A recent Karnataka law mandating 1-year compulsory rural service after MBBS has faced legal challenges, with doctors arguing it constitutes “bonded labour” under constitutional provisions. The Supreme Court has entertained multiple petitions questioning the legality of such bonds, though most states continue enforcement.
International Success Stories: What India Could Learn
Several countries have successfully reversed medical brain drain. They didn’t do it through punitive bonds, but strategic incentives:
Taiwan’s Transformation
Taiwan experienced severe brain drain from the 1950s-1970s but reversed it by the 1980s through:
Competitive research grants matching US levels
World-class laboratory infrastructure investments
Dual appointment systems allowing academics to maintain international collaborations
Tax incentives for returning professionals
A ResearchGate study notes Taiwan’s success came from “various economic incentives” rather than mandatory service requirements.

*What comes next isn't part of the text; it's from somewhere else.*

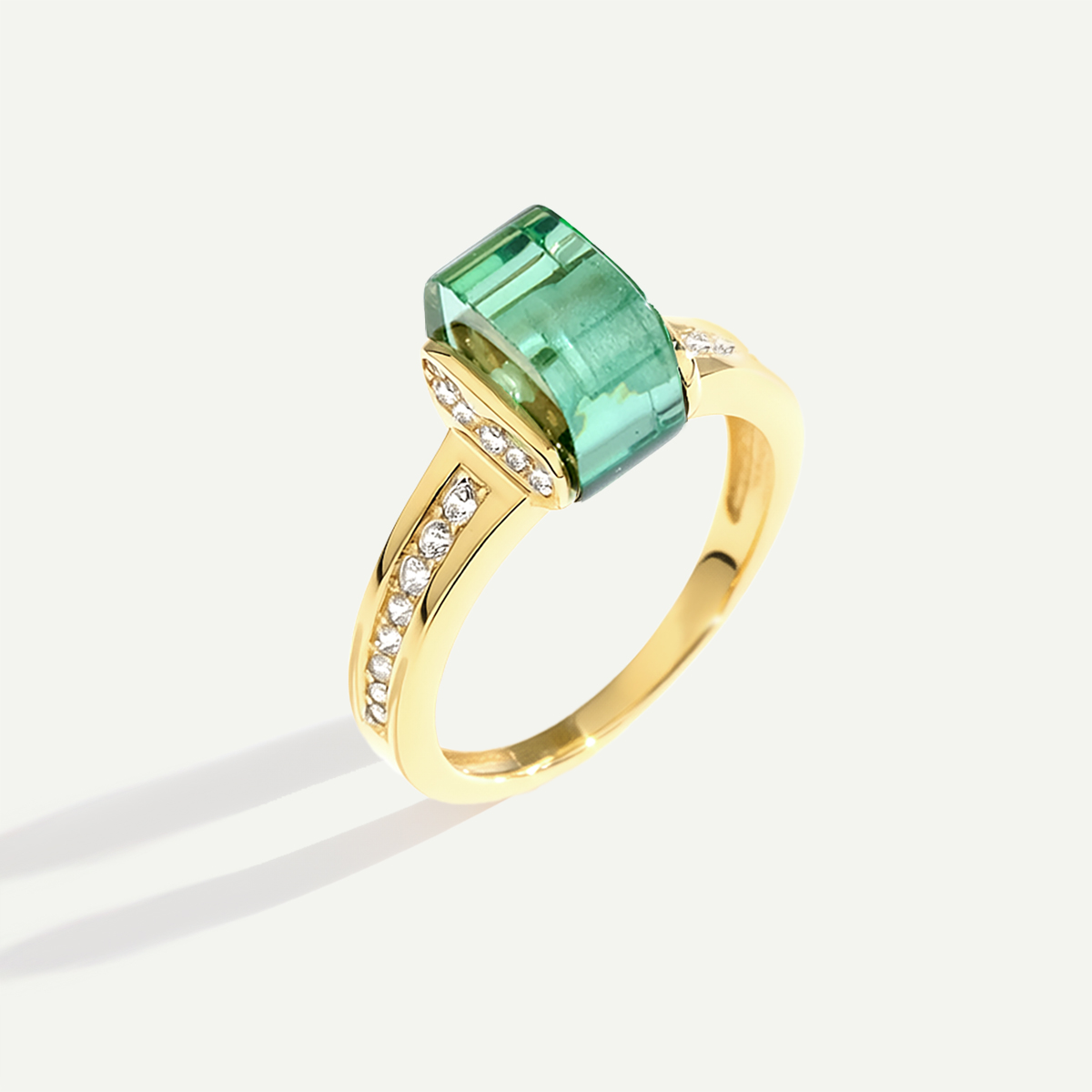 Bonbon 14 Ayar Altın Açık Yeşil Taşlı Yüzük

China’s Thousand Talents Program
Since 2008, China has recruited over 8,000 overseas scientists back through:
Startup funding ($150,000-500,000 per researcher)

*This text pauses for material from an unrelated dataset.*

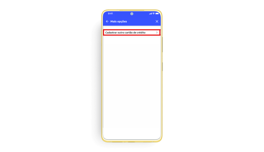 5. Click on “Cadastrar outro cartão de crédito”.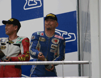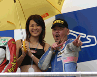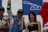 表彰台での表情です。HARUNAさんは、なんと2戦連続でのお立ち台です。 強力なラッキーガールですね! | ![]() |

Housing subsidies in major cities
Guaranteed research positions at top universities
Annual salary supplements
As of 2021, 67% of relocated scientists now move to China, up from minimal numbers in 2010.
South Korea’s Challenges
Interestingly, South Korea—despite economic development—faces renewed brain drain as 99% of medical students boycotted classes in 2024 protesting a 65% increase in medical school admissions without infrastructure improvements. This suggests that simply increasing seats, as India plans with 75,000 new MBBS positions, may backfire without addressing working conditions.
Beyond Bonds: What India Actually Needs
Research consistently shows coercive retention fails. A 2021 Global Health NOW analysis concluded: “We propose primary policy solutions that focus on motivating doctors to engage in rural service, not mandating it.”

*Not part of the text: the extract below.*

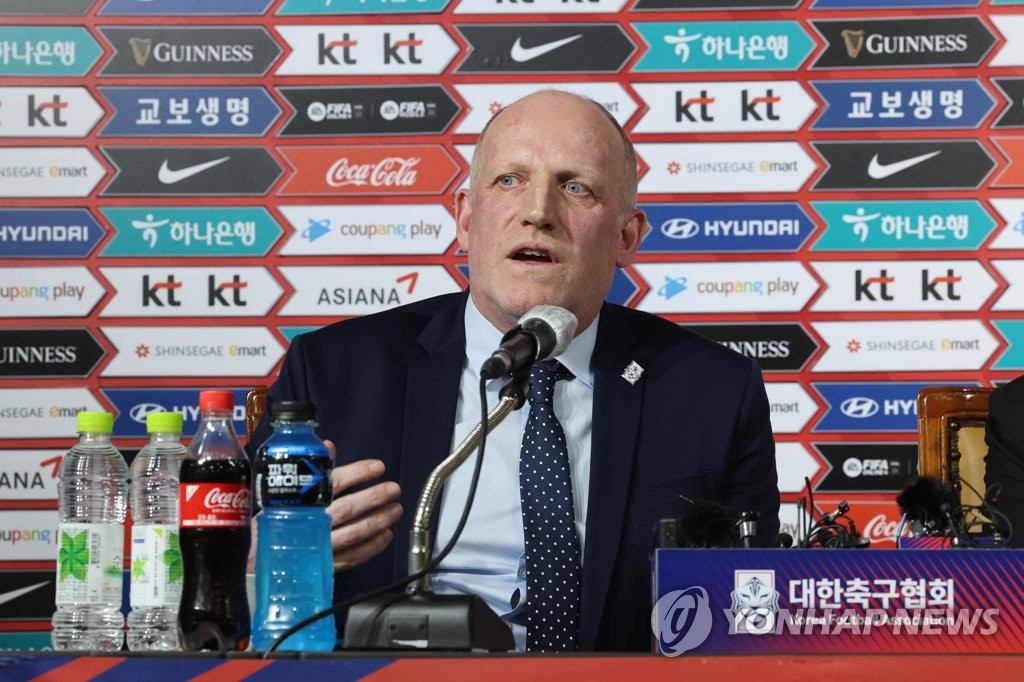 | ▲ In this file photo from Jan. 11, 2023, Michael Muller, new head of the National Team Committee for the Korea Football Association (KFA), speaks at his introductory press conference at the KFA House in Seoul. (Yonhap) |

Evidence-based alternatives include:
Competitive Compensation: Close the PPP gap through higher public sector salaries and loan forgiveness programs (similar to US Public Service Loan Forgiveness)
Infrastructure Parity: Make Minister Nadda’s claims reality. Actually bring 80% of facilities up to IPHS standards with modern equipment, reliable electricity, and diagnostic capabilities
Career Pathways: Create research opportunities and specialization tracks in underserved areas rather than dead-end postings
Lifestyle Provisions: Provide housing, schooling for children, and spouse employment in rural postings
Flexible Models: Allow urban doctors to contribute through telemedicine, periodic rotations, or mentorship rather than blanket mandates
Exit Tax Alternative: Instead of bonds, implement a progressive tax on foreign-earned medical income that funds rural health infrastructure, benefiting from emigration rather than fighting it.
Sources:
Indian Express


A good analysis. Also, provide security to doctors who are frequently attacked by patients' relatives when their loved one dies in a government hospital--use heavy monetary penalties. And jail and impose heavy monetary penalties on political parties when their members vandalize hospitals and attack doctors when their political leaders die.
Have read that the government public hospitals are not very good but thought it was mostly in rural areas. Not sure what could be done. It seems like infrastructure and operating costs are huge with no way they can be reduced. Maybe see what other countries did but their population numbers are usually not so high as India's.